To evaluate the performance of this solution, the extended modification of sim-outorder simulator from simplescalar 3.0e is used as the basic simulation module, and load 8-integer, 2-floating point benchmarks to do 10 million instructions for each. This experimented architecture is shown as table 1.

| Fetch      | 6 ins/cycle, 64-kbyte,2-way set associative  |
|------------|----------------------------------------------|
|            | I-cache, local and global branch predictor   |
| lssue      | Issues up to 4 integer and 2 floating-point, |
|            | ins/cycle, 32-entries load/store queue       |
| Pre-       |                                              |
| scheduling | Up to 64 ins, 6 ins/schedule-line            |
| Functional | 8 integer ALU, 2 integer mult, 2mem ports, 8 |
| units      | FPALU,1 FP mult.                             |



Figure3 : IPC of the conventional prediction and the proposed structure

Final result is shown in figure 3 and we can see that compared to the conventional prediction, gcc and mcf gain slight IPC improvement while omnetpp and bzipz obtain significant IPC improvement.

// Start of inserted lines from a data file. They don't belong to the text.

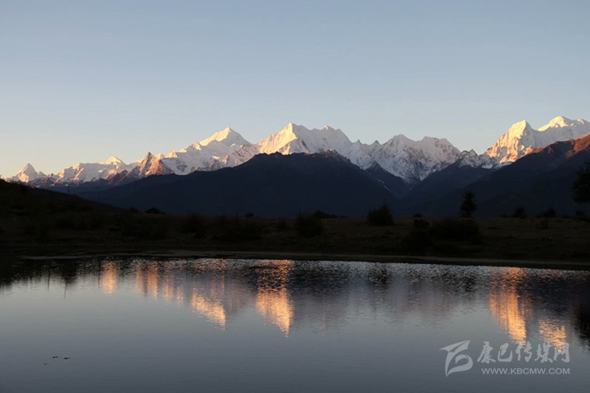 我和張柯在村子里轉(zhuǎn)悠了十多分鐘,也沒有見到一個人。我們只好到田野里瞎轉(zhuǎn)。斜達(dá)村的海拔有3305米,在這里可以俯瞰下面山谷對面的江坡村。因為海拔高,種的都是旱地,地里的青稞才有一尺高。我們從田埂上走過去,一只碩大的母雞帶著10多只小雞唧唧咕咕的在田地里覓食。我們走到村邊山頭上,放眼望去,對面的卡瓦格博群山放射著萬道金燦燦的霞光,盡顯山之王者的威儀。下面的山谷里,蘭色的炊煙如帳幔般飄拂,好一副山野美景!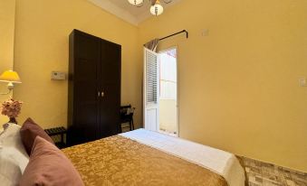 Successivamente troverai la camera Deluxe, spaziosa con un letto matrimoniale extra large e un comodo materasso. L'armadio per accogliere le tue cose e i mobili a tuo uso. Disponiamo di un letto personale che può essere aggiunto su richiesta. Un piccolo balcone che si apre su uno sfogo interno dell'edificio.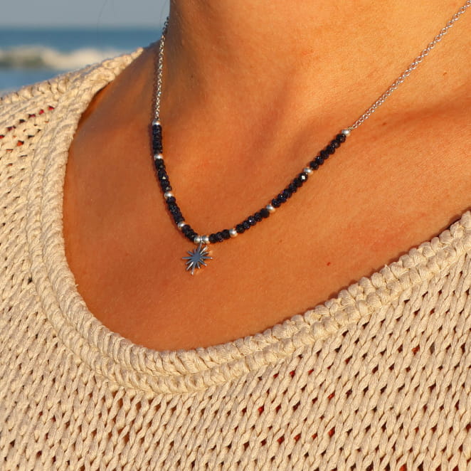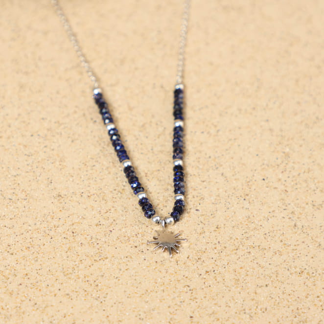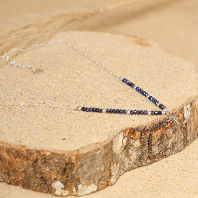Plongez dans la délicatesse avec le collier Binibeca, une fine chaîne argentée avec des perles en pierre de sable bleu marine scintillantes et au bout un pendentif en forme d'étoile capturant la lumière du ciel. Ce bijou pour femme évoque la beauté brillante de la nuit, un collier unique comme une étoile filante. Le collier en perles pour femme Binibeca est léger et raffinée apportant tendresse et style discret !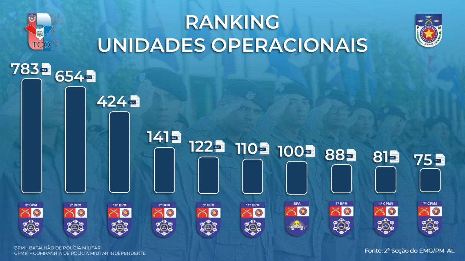 Quanto às unidades com maior volume de lavraturas entre agosto e outubro, está o 3º Batalhão de Polícia Militar (BPM). A unidade com sede em Arapiraca foi responsável por 766 TCOs, seguido do 9° BPM, com 654. Em seguida, vêm: o 10° BPM, com 424; 2° BPM, com 141; 6° BPM, com 122 e o 11° BPM, com 110. O Batalhão de Polícia Ambiental confeccionou 100 termos, seguido do 7° BPM, com 88. Em 9º e 10º colocados no ranking de TCOs estão, respectivamente, a 1ª Companhia de Polícia Militar Independente (CPM/I), com 81 e a 7ª CPM/I com 75.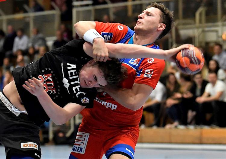 Yannik Bialowas (links), hier noch im Trikot des HC Erlangen II gegen Tobias Heinzelmann von Balingen-Weilstetten II, wechselt nach Rimpar. Foto: Imago Images / Zink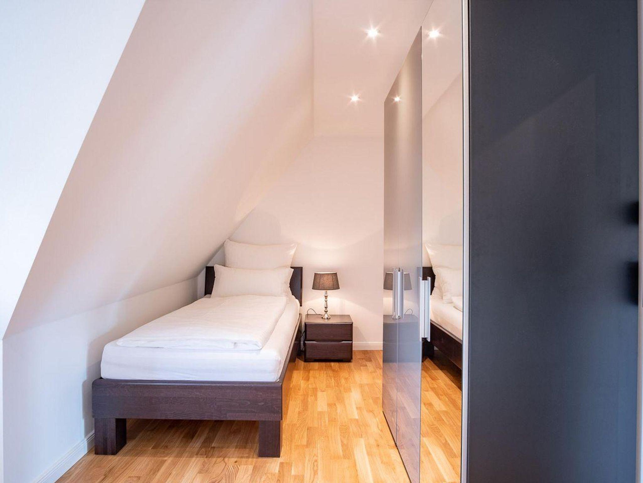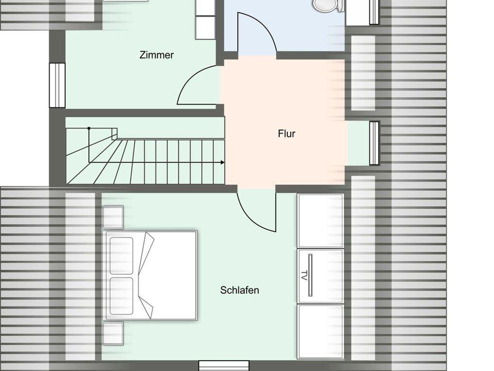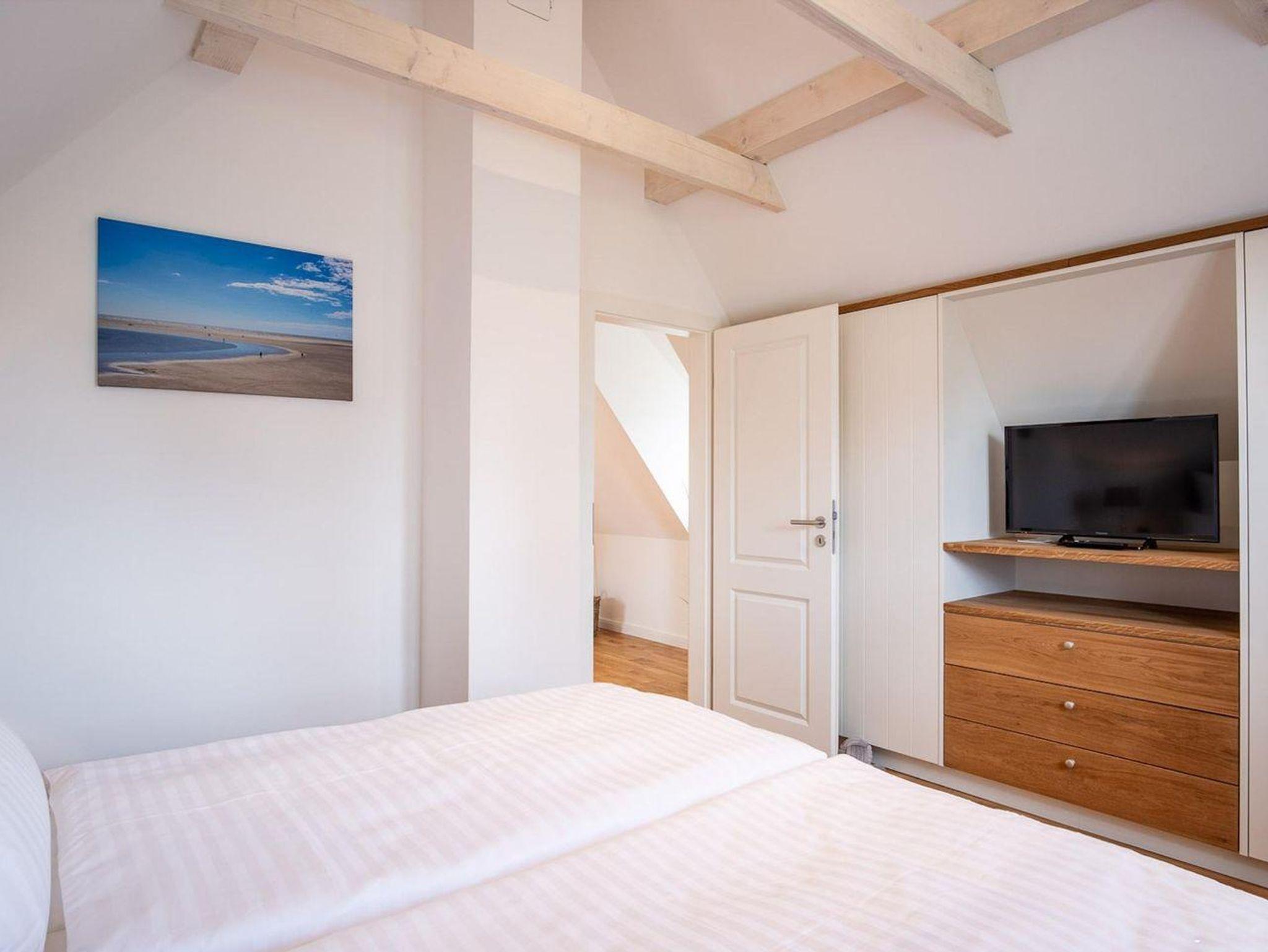 Über eine Holztreppe gelangt man in das Obergeschoss. Die beiden Schlafzimmer, eines mit Doppelbett und TV und das andere mit 1 Einzelbett, bieten ruhevolle Erholung.

On the whole, the proposed structure can achieve about 10.5% improvement on IPC on average.

# 4. Conclusion:

This paper proposes a stack-based solution for branch alias problem by adding a PC recorder, a comparator, a stack and extending 4 bits on PHT's higher bits. On the basis of simulation verification, the proposed structure can improve the IPC by 10.5% on average contrasting to the conventional prediction model.

### Future work:

Referring to other parts in branch prediction, like the optimization of BTB, a more optimal structure and another set of parameters for PHT and BTB are needed to be done in the future.

## **References:**

[1] Akkary . H, Srinivasan .S.T et al, Perceptron-Based Branch Confidence Estimation, Proceedings of the 10th International Symposium on High Performance Computer Architecture, IEEE Computer Society, pp:256-265, 2004.

[2] Seznec, A. et al, Design tradeoffs for the Alpha EV8 conditional branch predictor, Proceedings of the 29th annual international symposium on Computer architecture, Alaska, IEEE Computer Society, pp:295-306, 2002.

[3] SPEC2006, Standard Performance Evaluation Corporation, http://www.specbench.org.
[4] SimpleScalar LLC, Infrastructure for hardware modeling and software analysis,

http://www.simplescalar.com.

[5] Abhishek Bhattacharjee, Thread criticality predictors for dynamic performance, power and resource management in chip muitiprocessors, Proceedings of the 36th annual international symposium on Computer architecture, ACM, pp:290-301, 2009.

[6] Edward Brekelbaum, Hierarchical Scheduling
 Windows. Proceedings of the 35th annual ACM / IEEE
 international symposium on Micro-architecture,
 Turkey, IEEE Computer Society Press, pp:27-36, 2002.